Idea: Text Supercuts

You’re familiar with supercuts, those obsessively edited videos that show you, for example, every utterance of the phrase Damn It from every season of the show “24”.

Well, here’s a supercut of a different kind: the text supercut. Need an example?

Here’s every use of the word “cat” from Dr. Suess’ book The Cat in the Hat:

Cat cat. Cat cat Cat cat. Cat cat. cat. cat. cat cat. Cat Cat Cat cat. cat. cat Cat cat Cat cat, cat. cat cat! Cat

[My first effort was a supercut of every instance of “whale” in Moby Dick.

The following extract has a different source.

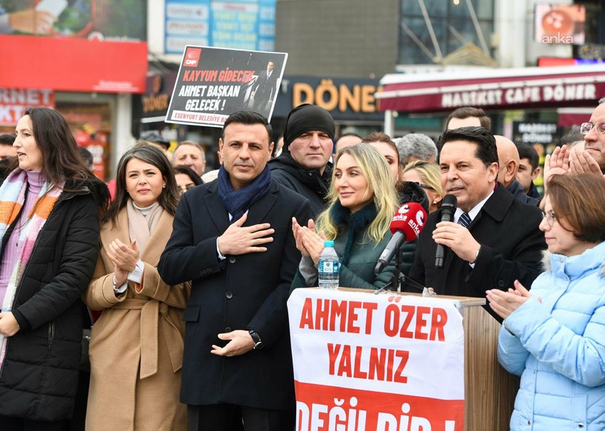 Sadece ben değil değerli kardeşlerim. Bakın basın mensuplarına bunun belgelerini dağıttım. Mahkeme müzekkere yazdı. Dedi ki Ahmet Özer’le ilgili bugüne kadar Türkiye Cumhuriyeti Devleti belgelerinde terörle ilgili terör üyeliği ilgili tek bir kanıt var mı varsa gönder. Gelen yazıyı tek bir kanıt yok Ahmet Özer tertemizdir. Mahkeme kendi kendini tekzip etti. Aynı zamanda mahkeme yazdı ki Ahmet Özer hakkında bugüne kadar itirafçı olmuş binlerce kişi var. Herhangi bir ifade var mı? Onun hakkında herhangi bir söz söyleyen var mı? Gelen cevapta yoktur. Dolayısıyla mahkeme bu verdiği cezayla kendi kendini tekzip etti. Belki bu ceza neyin cezası değerli kardeşlerim? Bu ceza Esenyurt rantlarına kayyum yoluyla devam telaşıdır. Ama devam ettirmeyeceğiz değerli kardeşlerim. Öyle kolay değil öyle halk iradesi gaspı kolay değil. Sizin iradenizin gaspına asla izin vermeyiz. Neden biliyor musunuz? Bir, benim açtığım bir dava var Anayasa Mahkemesi’nde. Dokuzuncu idare mahkemesi kayyum anayasaya aykırıdır diye bizim talebimizi kabul etti ve şu anda orada onların önünde. Eğer o dava lehimize sonuçlanırsa kayyum olayı sadece Esenyurt’ta değil bütün Türkiye’de iftar olacak ve kayyum buradan çekip gidecek. Sizin iradeniz iş başına gelecek.

But it turns out the word appears so many times that it ended up being way too large to reasonably share in a blog post.]


Love the idea. Reminds me of the silly idea I had the other day about a “Where’s Waldo” audio book…

How about a pictorial supercut? For example, cutting out Waldo from the entire Where’s Waldo series and aligning them on one page.

A little more time consuming than just ‘grep’ unfortunately :)

I had a similar thought recently when reading a Nancy Drew book to my daughter, though instead of pulling out a specific word, it would be all of the adverbs. That Carolyn Keene liked her adverbs.

You need more than grep, since grep simply shows the lines where the word occurs. A Perl script would be simple enough, and I think that (or a similar tool) was what David used.

The pattern would be /\bcat[^\w\s]?\s/ig

Regarding Where’s Waldo, there’s been some discussion on an algorithm to do that here.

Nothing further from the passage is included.